BY DAVE PRICE
Daily Post Editor
What happened to the idea of simply asking somebody to do something?
Instead, people in local government have this mindset that they have to pass a law and enforce it with fines.
I’m talking about the plastic drinking straw ban Palo Alto City Council passed that goes into effect on Jan. 1.
Instead of using the Municipal Code to outlaw plastic drinking straws, the city should have taken a more enlightened approach and asked people to stop using them.
Councilwoman Liz Kniss said the ban wasn’t controversial.
So, if everybody agrees that plastic straws are now a bad thing, why do we need a law?
It wouldn’t take much to encourage residents and businesses in our environmentally-conscious community not to use them.
Instead of a law, launch a citywide awareness campaign, and recruit those Girl Scouts who made such a good presentation at the council meeting to lead the charge. I’m sure if the ban were voluntary, environmental justice types would shame businesses who accommodate customers with plastic straws. Virtue signaling is a major pastime in Palo Alto.
Palo Alto’s plastic straw ban seems so unnecessary considering that the state passed a law last year forbidding sit-down restaurants from giving them to customers unless they ask for them.
It’s not quite true that the ban is without controversy.
Officials at Stanford Hospital and Packard Children’s Hospital say the ban puts them in a difficult place because patients often need plastic straws to consume beverages. They’ve tried the paper straws, but they don’t hold up. And metal straws conduct heat and can burn lips if a beverage is hot.
San Francisco and Seattle, among the first two cities to ban plastic drinking straws, included exceptions for the disabled. Palo Alto didn’t.

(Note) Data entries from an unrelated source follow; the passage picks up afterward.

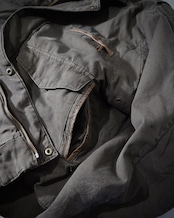 襟にレザーが入ったりと全体的には無骨なイメージが先行するジャケットですが、丸みを帯びたシルエットはどこか親しみやすさも感じます。
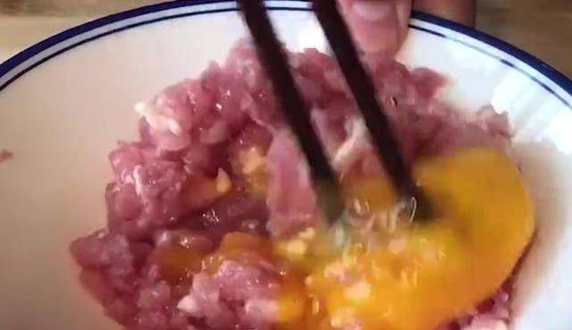 然後依次的擺好,套上一個保鮮袋,醒面一個小時,然後我們再來炸制調料油,準備好以下的食材,油溫燒至5成熱下入所有準備好的食材,用中小火炸,最後炸至焦黃後把幹料撈出來,然後把料油過濾出來備用。再來準備一斤的豬肉,裡面打入一顆雞蛋,攪拌均勻,調制肉餡,我喜歡放一個雞蛋,這樣吃起來肉餡口感不柴,而且特別的嫩滑,加一勺鹽、一勺雞精,適量的蠔油,適量的生抽,順著一個方向攪拌均勻,再根據肉餡的肥瘦程度加入調料油,然後順著一個方向攪拌至上勁,最後加點香油增香就可以瞭。肉餡就已經調好瞭,面團現在這樣就已經醒好瞭,特別的軟。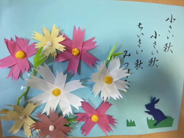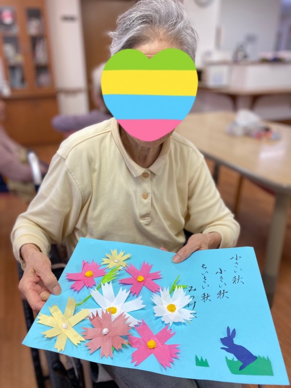 手指のリハビリの他に、秋の季節を表現する事で今を意識し季節感を味わう。生活意欲の向上も目的としています。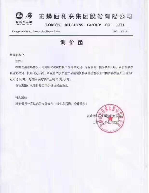 昨天,龍蟒佰利聯(lián)下發(fā)了調(diào)價通知,氯化法鈦白粉銷售價格在原價基礎(chǔ)上對國內(nèi)各類客戶上調(diào)300元/噸,對國際類客戶上調(diào)50美元/噸。漲價的原因很簡單,公司氯化法鈦白粉訂單充足,庫存較低,供應(yīng)緊張。雖然價格漲不停,實質(zhì)上,經(jīng)銷商或買商都有較大的議價能力。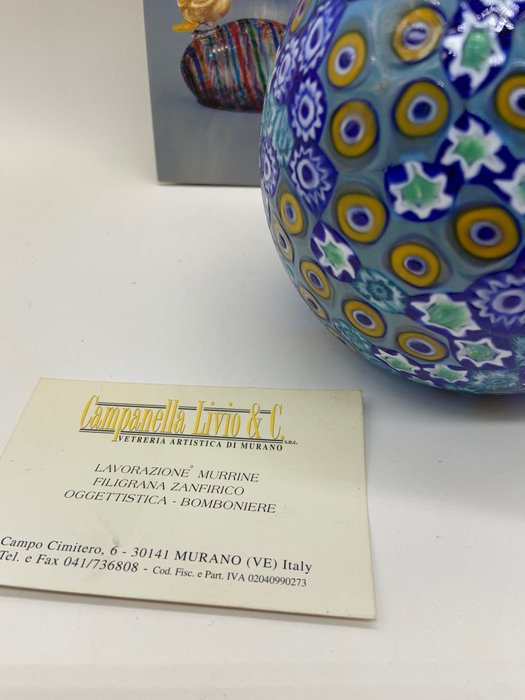 1 bolvaas met sterblauw gekleurde murrine, hoogte 10, omtrek 38, handgemaakt door meester Campanella, een van de beste meesters in Murano in de productie van geblazen murrina sinds 1975, snelle verzending, veilige verpakking en MADE IN MURANO garantiecertificaat. echt en eigen meesterwerk. FANTASTISCH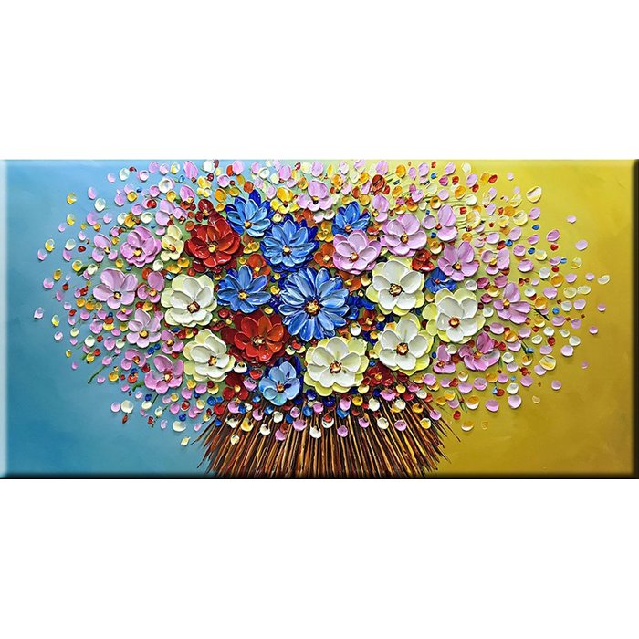 Quadro Pintura Tela fundo azul amarelo colorido buquê 5425: 70cm (A) x 140 cm (L)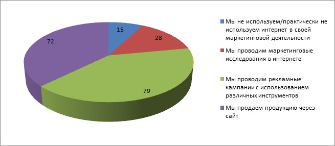 Большинство компаний использует инструменты интернет-маркетинга для проведения рекламных компаний (79%) и продажи продукции через сайт (72%). 28% предприятий указали, что проводят маркетинговые исследования в интернете.

That creates a problem for a restaurant that is asked to provide a plastic drinking straw for a disabled customer. Restaurants these days are very aware of the rights of the disabled given all of the ADA lawsuits being filed against businesses. If a restaurateur decides to provide a straw, he risks a $250 fine. But if he refuses, he might get slapped with a lawsuit by a frequent ADA plaintiff.
The ordinance passed by council should have included a disability exemption. Then again, if the ban were voluntary, people could exercise common sense about when and where to use plastic straws. But I guess the City Council doesn’t trust the people to do the right thing.